Um dia Estela foi até a beira do rio, soltou a corda da canoa subiu na mesma e começou a remar rio abaixo. Umas mulheres lavavam roupas na beira da ponte de madeira a viram remando. – Diacho, pra onde Estela vai? - Essa foi à pergunta que ficou sem resposta. No dia seguinte logo pela manhã dona Noronha foi até a casa de Estela, mas encontrou fechada, bateu por algum tempo, e nada; chegando a olhar pela greta. – “Valha-me Deus”, Estela sumiu. – Não demorou muito todos já sabiam do desaparecimento de Estela.
- Temos que ir até Belém para dar parte do sumiço dela.
- Larga de ser besta Raimundo, os “homem” não procuram os de lá, imagina os de cá! – Replica a mulher.
E assim passaram-se dias, semanas. As mulheres lavavam roupas na beira da ponte quando olham uma canoa à deriva, e gritam por ajuda. Não demorando muito uns caboclos aparecem, pegam outra canoa e remar até a que está à deriva; ao se aproximar olham dentro e só encontram uma blusa, saia e uma calcinha, eles se olham sem entender nada e voltam para margem rebocando a canoa com as tais roupas. – Essa roupa ai e da Estela, eu vi quando ela passou nessa canoa remando.
- Nossa Senhora de Nazaré, protege-nos, ela seguiu a sina da finada mãe. – Dona Noronha fazendo o sinal da cruz.
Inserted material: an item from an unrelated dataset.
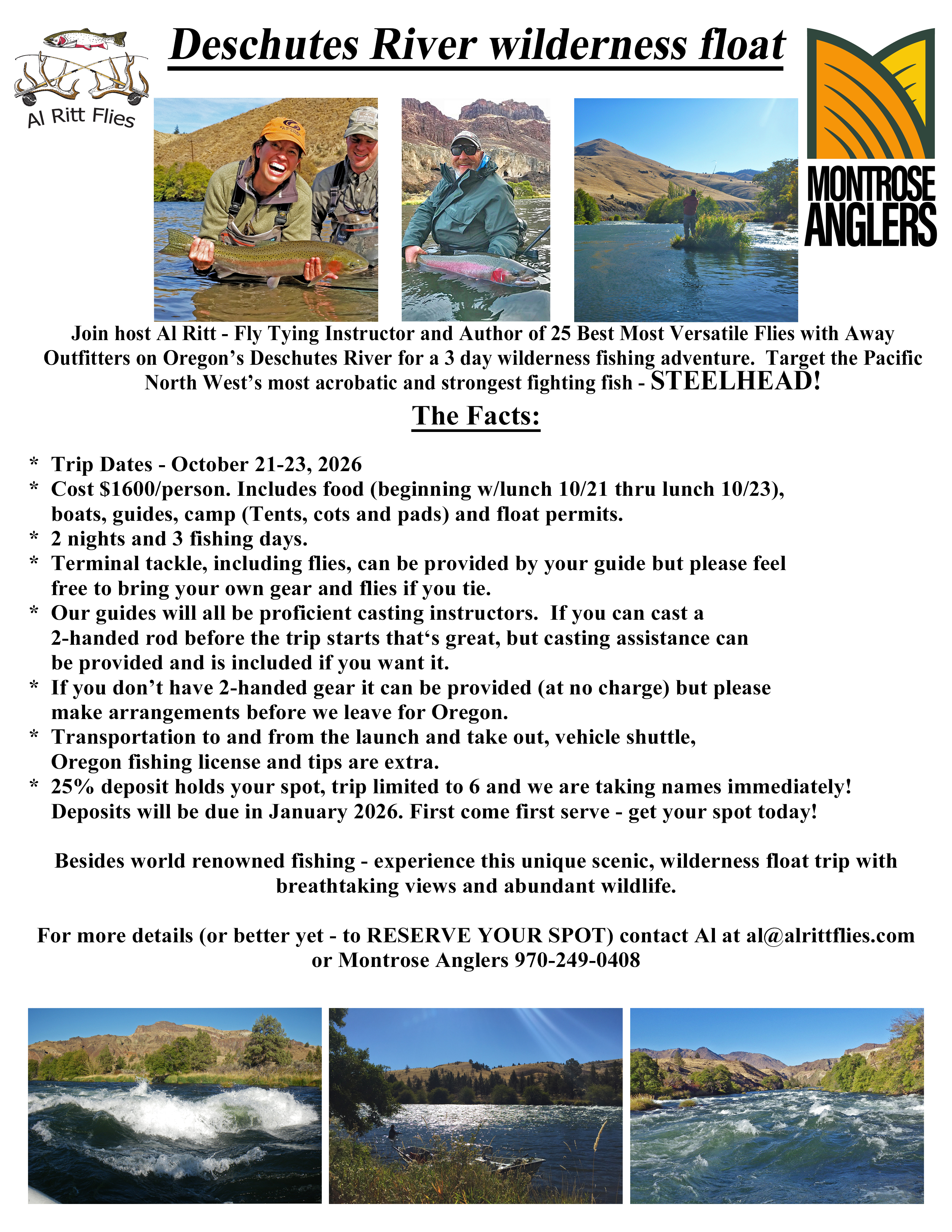 - Deschutes River - Steelhead. This is a 3 day float and camp trip on a very difficult to access stretch of a legendary western river. Lots of great scenery, wildlife and very little company on the river. There is also a very healthy bonus population of robust, hard-fighting redband rainbow trout.

Ao anoitecer, todos fechavam suas casas com medo da Matinta Estela bater nas suas portas para pedir tabaco e caso isto venha acontecer a vila esvaziou o estoque de tabaco da “taberna” de seu Manuel, que ficou com o sorriso largo no rosto. As crianças dormiram cedo antes das 19hs00, não se ouvia um barulho a não ser dos grilos e alguns sapos. Os homens em sua casa ficavam deitados em suas redes esperando aquele assovio. Algumas mulheres preferiam ficar rezando diante da imagem de nossa senhora, iluminada pela luz de lamparina e assim foi muitas noites, e nada de Matinta ou algum assovio. Resolveram dar a Estela como morta ou a desculpa de que provavelmente foi engolida por uma sucuri, a famosa cobra grande.
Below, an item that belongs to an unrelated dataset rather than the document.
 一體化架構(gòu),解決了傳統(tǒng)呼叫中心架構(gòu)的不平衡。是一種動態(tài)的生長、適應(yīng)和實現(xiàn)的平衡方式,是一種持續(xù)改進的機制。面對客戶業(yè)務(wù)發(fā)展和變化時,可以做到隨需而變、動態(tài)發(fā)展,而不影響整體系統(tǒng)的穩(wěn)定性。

A vila voltou a sua rotina normal, ninguém nem ao menos se lembrava de Estela. Numa noite Raimundo pescava de canoa no meio do rio, iluminado apenas pelo luar e a lamparina na proa da canoa. Algo puxou a linha.
- Isso, só espero, que não seja bacu. – Ele puxava a linha e nada, era algo mais forte do que ele até que arrebentou a linha de náilon. – Nossa senhora que forte, deve ter sido algum peixe-boi. - Raimundo resolveu remar para outro lado.
Atrás dele uma enorme cobra sai com boa parte do corpo da água. Na vila, algumas pessoas ouviram um grito longe.
- Antônio, acorda. – Balançando a rede dele.
- O que é mulher? – Sonolento.
- Alguém gritou longe...
- Deixa quieto deve ter sido tua mãe, que se espantou com a cara do teu pai, vai dormir e te embrulha por causa do carapanã.
- É sério homem.
O homem se vira e volta a dormir. Dona Antônia dormia sossegada quando bateu na porta. Ela se acorda e de sua rede olha para a porta. O medo toma conta, que chega a tremer até os punhos da rede. Outra vez batem. Os olhos arregalam-se. Batem novamente.
- Quem é? - Com a voz trêmula.
- Eu quero tabaco. – Alguém diz.
A respiração de dona Antônia fica ofegante de tanto medo mais mesmo assim levanta bem devagar. Passa pelo pinico perto da cadeira e apanha um maço de tabacos em rolado numa folha de jornal, engatado na “perna-manca” da parede. Caminha em direção à porta lentamente. Com uma das mãos solta à tramela e logo depois a segunda e passa o tabaco pela porta entre aberta. Dona Antônia vê a mão com unhas longas e sujas pegando o tabaco e sai correndo em direção ao mato. Dona Antônia fecha a porta rapidamente, sobe para rede e fica a se recuperar do que viu.